We can also give every worker the same true initial state, here \(h_0=2\) and \(u_0=1\), by passing a fixed μ_sim_0 and a zero Σ_sim_0 to simulate_workers.
fig, ax = plt.subplots(figsize=(7, 7))
μ_sim_0 = np.array([[2.0],
[1.0]])
Σ_sim_0 = np.zeros((2,2))
uhat_0s = [2, -2, 1]
αs = [0.2, 0.3, 0.5]
βs = [0.2, 0.9, 0.3]
for i, (uhat_0, α, β) in enumerate(zip(uhat_0s, αs, βs)):
worker = create_worker(uhat_0=uhat_0, α=α, β=β)
simulate_workers(worker, T, ax, μ_sim_0=μ_sim_0, Σ_sim_0=Σ_sim_0,
diff=False, name=r'$u_{{{}, 0}}$'.format(i))
# This controls the boundary of plots
ax.set_ylim(ymin=-3, ymax=3)
ax.legend(bbox_to_anchor=(1, 0.5))
plt.show()
Fig. 46.6 Inferred work ethic when every worker starts at \(h_0=2\) and \(u_0=1\)#
Even though the firm begins from different prior means \(\hat u_0\), all three workers share the true work ethic \(u_0 = 1\), and the inferred paths converge to that common dashed line at speeds that again reflect each worker’s \(\beta\).
Finally, we track a single worker type under two different true effort levels, comparing a hard-working worker with \(u_0=100\) against a normal worker with \(u_0=30\).
T = 50
fig, ax = plt.subplots(figsize=(7, 7))
μ_sim_0_1 = np.array([[1],
[100]])
μ_sim_0_2 = np.array([[1],
[30]])
Σ_sim_0 = np.zeros((2, 2))
worker = create_worker(uhat_0=1, α=0.5, β=0.3)

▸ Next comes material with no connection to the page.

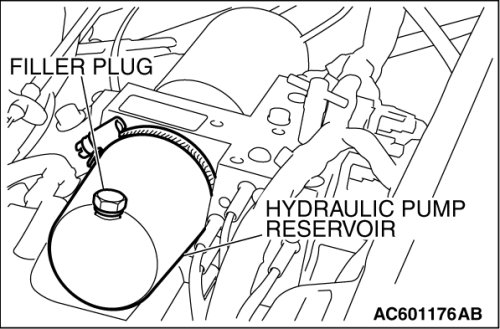 2. Remove the filler plug to the hydraulic pump reservoir.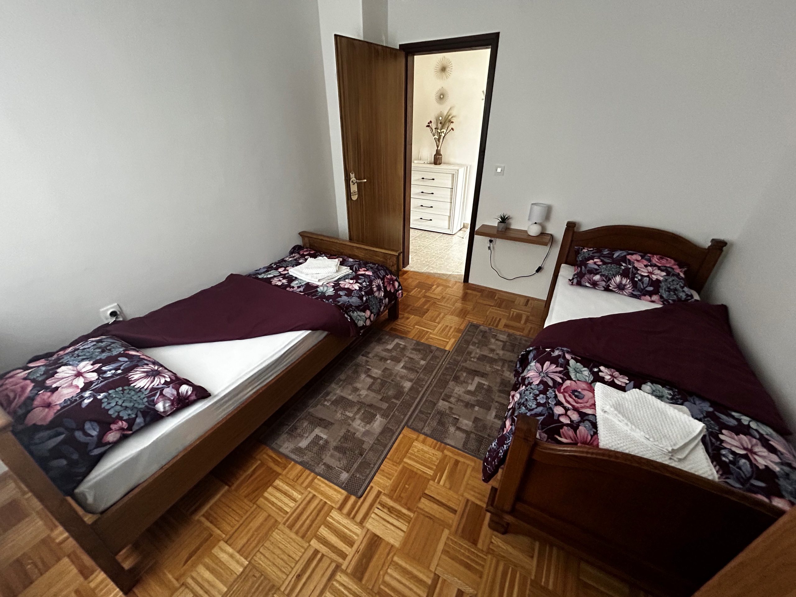 Ovaj samostalni, potpuno opremljeni objekt u Vukovaru pruža idealan smještaj za turiste koji traže udobnost i praktičnost. Smještaj se sastoji od dvije spavaće sobe – jedna s prostranim bračnim krevetom dimenzija 160×200 cm, dok druga nudi dva udobna kreveta dimenzija 90×200 cm. Ovaj raspored čini ga savršenim za obitelji ili manje grupe. Kupaonica je opremljena svim potrebnim sadržajima.

simulate_workers(worker, T, ax, μ_sim_0=μ_sim_0_1, Σ_sim_0=Σ_sim_0,
diff=False, name=r'Hard-working worker')
simulate_workers(worker, T, ax, μ_sim_0=μ_sim_0_2, Σ_sim_0=Σ_sim_0,
diff=False, name=r'Normal worker')
ax.legend(bbox_to_anchor=(1, 0.5))
plt.show()
Fig. 46.7 A hard-working worker and a less hard-working worker#
Both inferred paths start from the firm’s common prior \(\hat u_0 = 1\) and climb toward their different true values, showing that the filter corrects the gap between prior and truth as evidence accumulates.
46.6. Future extensions#
We can do lots of enlightening experiments by creating new types of workers and letting the firm learn about their hidden (to the firm) states by observing just their output histories.